Department of Women's and Children's Health, Karolinska Institutet, Stockholm, Sweden.
Scand J Immunol. 2010 Sep;72(3):205-12. doi: 10.1111/j.1365-3083.2010.02434.x.
Foetal echocardiographic ultrasound techniques still remain the dominating modality for diagnosing foetal atrioventricular block (AVB). Foetal electrocardiography might become a valuable tool to measure time intervals, but magnetocardiography is unlikely to get a place in clinical practice. Assuming that AVB is a gradually progressing and preventable disease, starting during a critical period in mid-gestation with a less abnormal atrioventricular conduction before progressing to a complete irreversible AVB (CAVB), echocardiographic methods to detect first-degree AVB have been developed. The time intervals obtained with these techniques are all based on the identification of mechanical or hemodynamic events as markers of atrial (A) and ventricular (V) depolarizations and will accordingly include both electrical and mechanical components. Prospective observational studies have demonstrated a transient prolongation of AV time intervals in anti-Ro/SSA antibody-exposed foetuses, but it has not succeeded to identify a degree of AV time prolongation predicting irreversible cardiac damage and progression to CAVB. Causes of sustained bradycardia include CAVB, 2:1 AVB, sinus bradycardia and blocked atrial bigeminy (BAB). Using foetal echocardiographic techniques and a systematic approach, a correct diagnosis can be made in almost every case. Sinus bradycardia and CAVB are usually easy to diagnose, but BAB has a tendency to be sustained and shows a high degree of resemblance with 2:1 AVB when diagnosed during mid-gestational. As BAB resolves without treatment and 2:1 AVB may respond to treatment with fluorinated steroids, a correct diagnosis becomes an issue of major importance to avoid unnecessary treatment of harmless and spontaneously reversing conditions.
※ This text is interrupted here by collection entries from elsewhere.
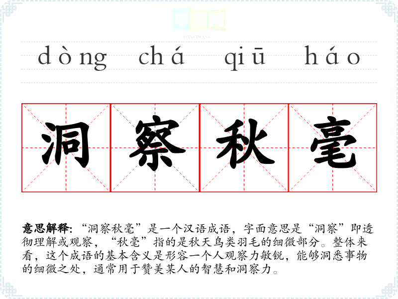 “洞察秋毫”是一个汉语成语,字面意思是“洞察”即透彻理解或观察,“秋毫”指的是秋天鸟类羽毛的细微部分。整体来看,这个成语的基本含义是形容一个人观察力敏锐,能够洞悉事物的细微之处,通常用于赞美某人的智慧和洞察力。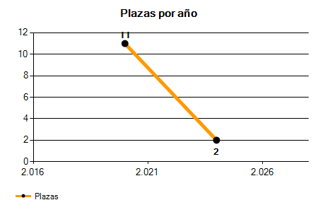 En los siguientes gráficos se puede ver la evolución del número de convocatorias y plazas convocadas para la profesión de Conductor de Residuos en Coruña,A de los últimos años pudiéndose observar una caída del 100,00% desde el año 2020 hasta el 2025 en número de convocatorias y una caída del 100,00% en número de plazas convocadas.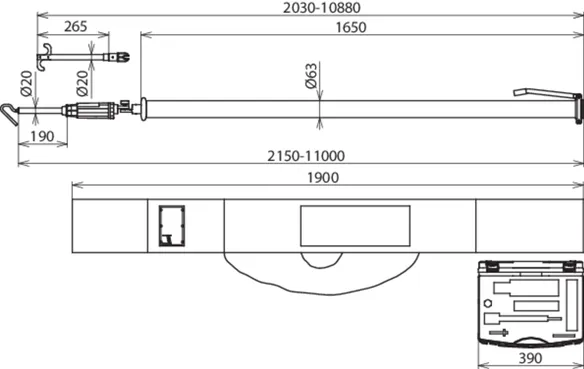 | Total length (lG max / IG min ) | 11000 / 2150 mm |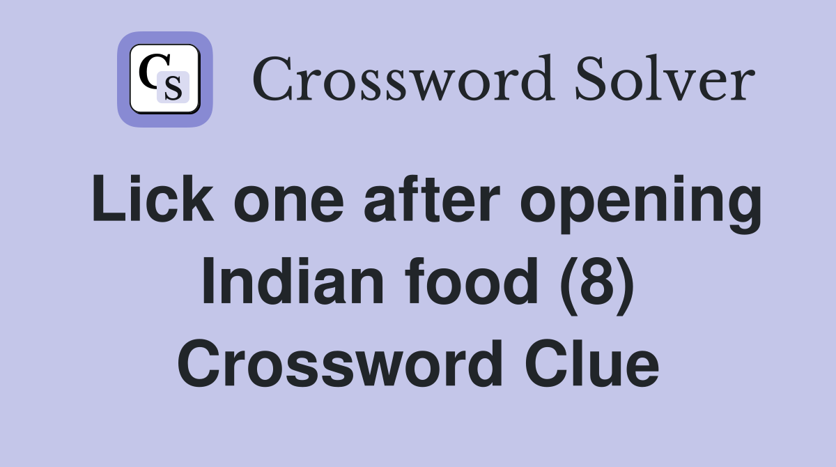 Lick one after opening Indian food (8) Crossword Clue Answers
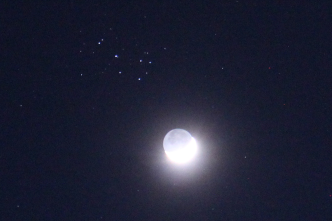Pleiades and 3 days old Moon, 1 April 2025 (SMH)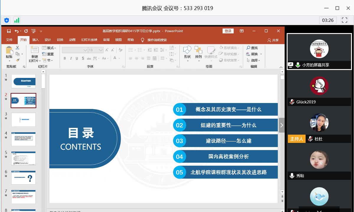 (通讯员 董玉琦) 4月15日下午,金沙集团1862cc橙色教学工作部开展本学年第四次线上“学习日”活动,本次活动有两个主题,一是关于基层教学组织专题调研报告,二是工信部、教工委及学校党委疫情防控工作相关文件领学,教学工作部全体人员参加。活动第一个主题为由任小芳做基层教学组织调研报告。她首先介绍基层教学组织的概念,提出我国高校基层教学组织经历了从20世纪50年代初步建立,在60-80年代探索发展,80年代末渐进式微,至21世纪后恢复加强建设的四个阶段。其次,她对基层教学组织建设的重要性及建设路径进行了阐述,提出高等教育质量的提升、教学改革的深化及教学发展机制的健全等均需要依靠基层教学组织的建设去推动与实施。随后,对浙江大学、西南大学、四川大学、浙江工业大学基层教学组织建设背景、团队职责、建设路径、亮点举措进行了案例分享。通过分享,对四所高校基层教学组织的建设概况有了系统认识,同时对我院大类核心课程群建设现状进行了分析并对后期优化建设提供了思路。

胎儿超声心动图技术仍然是诊断胎儿房室传导阻滞(AVB)的主要方法。胎儿心电图可能成为测量时间间隔的有用工具,但磁心电图不太可能在临床实践中得到应用。假设 AVB 是一种逐渐进展且可预防的疾病,在妊娠中期的关键时期开始,房室传导在进展为完全不可逆的 AVB(CAVB)之前逐渐异常,已经开发出用于检测一度 AVB 的超声心动图方法。这些技术获得的时间间隔均基于将机械或血液动力学事件识别为心房(A)和心室(V)去极化的标记,因此将包括电和机械成分。前瞻性观察性研究表明,抗 Ro/SSA 抗体暴露的胎儿存在 AV 时间间隔的短暂延长,但未能确定预测不可逆心脏损伤和进展为 CAVB 的 AV 时间延长程度。持续性心动过缓的原因包括 CAVB、2:1 AVB、窦性心动过缓和阻滞性房性二联律(BAB)。使用胎儿超声心动图技术和系统方法,几乎可以在每种情况下做出正确的诊断。窦性心动过缓和 CAVB 通常易于诊断,但 BAB 有持续的趋势,在妊娠中期诊断时与 2:1 AVB 高度相似。由于 BAB 无需治疗即可缓解,而 2:1 AVB 可能对氟皮质类固醇治疗有反应,因此正确的诊断对于避免对无害且自发逆转的情况进行不必要的治疗变得非常重要。